We have a real hard deadline of December 31, 2010 to deliver the state population counts to the country. By that same deadline, we’re also charged with the task of doing the arithmetic of determining how many seats in the House of Representatives each state should have. This announcement is perhaps the most emblematic of the importance of the census in the United States.
To get to that point, there is much left to do. We have important data files that need to get reconciled: 1) the master address file, now updated with all new dispositions for each address (occupied, vacant, deleted) and 2) the data file from census questionnaires from various sources (mailout, enumerator-administered, telephone receipt, “be counted” forms, results from other followup operations). We also must update the geographic area boundaries used for tabulating data for the 2010 Census. This allows us to associate addresses (and the data on the occupants) with the right areas.

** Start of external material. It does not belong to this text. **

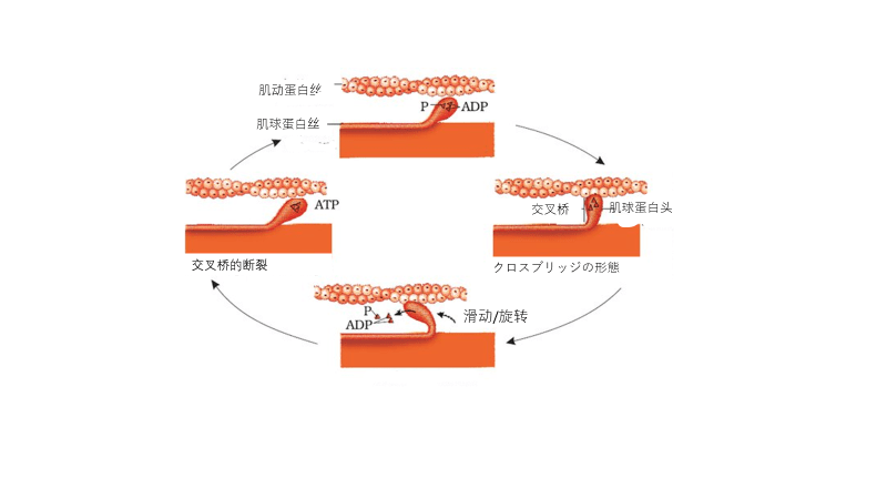 交叉桥。然后肌动蛋白纤维被拉向中间。当 ATP 能量用完时,横桥断裂,肌动蛋白丝滑

For some housing units, we have multiple completed questionnaires. Some correspond to additional people added to a previously-received form, some are duplicates (late mail returns and a nonresponse-followup enumerator-administered form). We have a well-tested method to resolve these duplicates and assemble the correct composition of the household. We make sure that each housing unit found has a resolution.
We also must conduct automated and computer assisted manual coding of write-in responses to the race and Hispanic origin questions.
From this, we create the first real 2010 Census data file, with all the cases that will eventually produce counts. However, for some cases, there are items that were not completed; for a small number of cases, we don’t have any reports of how many people lived in the unit on April 1, despite having a report that it was occupied then. We apply sophisticated editing rules and estimation techniques to fill in those data, using properties of observations from others in the same household when possible or from other like units.
This then creates the “census edited file.” This is subjected to careful review by expert demographers who compare the census results to many other sources of estimates of the population. This step is conducted state-by-state. They will be checking that the edits were programmed correctly and that the data make sense demographically. For example, no one should have a birth date in the 1800’s, or be born in the 13th month, or on April 31st. This edited file also gives us our first chance to look at data by geographical areas. We will look at places and towns and see their population, housing, and group quarters counts.
With this file, we have our first data product – state-level counts that are used for the reapportionment release.
It’s not the flashy side of the decennial census. It’s much more technical, guided by statistical quality standards, and it rests on careful work with large and complex response files and geographic reference files. But it is crucial to the quality of the census, and we must get it done well.